In this project, your task is to identify major customer segments on a transnational data set which contains all the transactions occurring between 01/12/2010 and 09/12/2011 for a UK-based and registered non-store online retail.The company mainly sells unique all-occasion gifts. Many customers of the company are wholesalers.
- Targeted Marketing: By segmenting customers based on their behavior, interests and demographics, businesses can tailor their marketing campaigns and promotions to specific groups, resulting in higher response rates and conversions.
- Cross-selling and Upselling: Customer segmentation can help businesses identify customers who are likely to purchase complementary or premium products, and target them with personalized recommendations.
- Customer Retention: By understanding customer behavior and preferences, businesses can design and implement strategies to reduce churn and increase customer loyalty.
- Personalized Customer Experience: Segmentation can help businesses understand customer needs and tailor their offerings, such as product recommendations, customer service, and overall experience, to meet those needs.

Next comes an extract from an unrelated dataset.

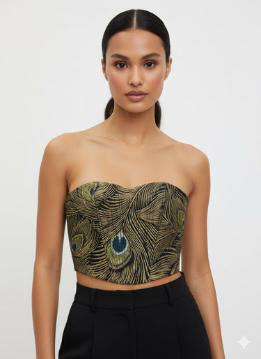 This peacock-feather jacquard corset top is a true statement piece that radiates elegance and artistry. Designed with a strapless sweetheart neckline and a structured fit, it beautifully contours the body while showcasing an intricate peacock feather pattern in shades of emerald, gold, and midnight blue. Perfect for evening events, art-inspired looks, or sophisticated pairings with high-waisted pants or skirts.
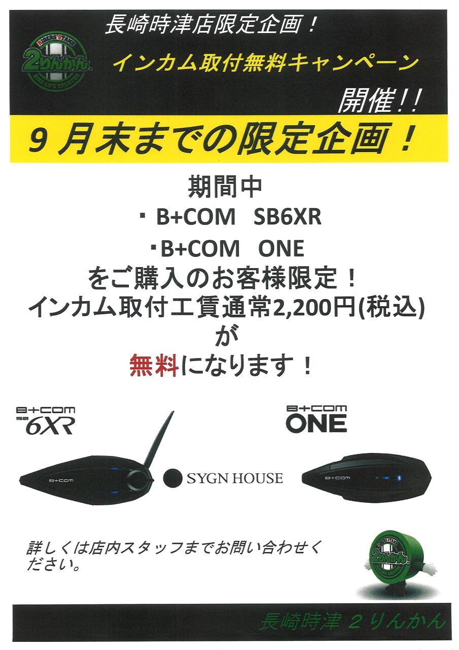 長崎時津2りんかん インカム取付無料キャンペーン開催中!

- Improved Customer Insights: Customer segmentation provides valuable insights into customer behavior and preferences, which can inform future business decisions and strategies.
- Optimization of Resource Allocation: By prioritizing and focusing resources on high-value customer segments, businesses can optimize their marketing and sales efforts, reduce costs, and increase ROI.
- Implemented libraries such as pandas, numpy,matpplotlib,seaborn,Scikit-learn
- Got the descriptive information of the data.
- checked for null values if any
- Checked for Outliers and duplicated values if any.
- got rid of rows with null customerID
- got rid of duplicated values
- Dropped the id column since it is of no significance to our model training
- Imputed null values with knn imputer and simple imputer
- treated outliers
- visualized maximum ordering countries.
- Visualized month wise orders
- checked the distribution of Revenue with the help of boxplot.
- Applied RFM analysis which allows you to segment customer by the frequency and the value of purchases and how recent was the purchase.
- labelled customer based on the RFM score range 1-4
- Performed log transforamtion on RFM features to noramalize them.
Model training :
- Used Elbow method, silhouete score, davies bouldin score to come up with optimum value of cluster for K-means
- plotted dendogram baased on agglomerative hierrachical clustering.
- found optimum cluster value to be 2 in both the clustering methods.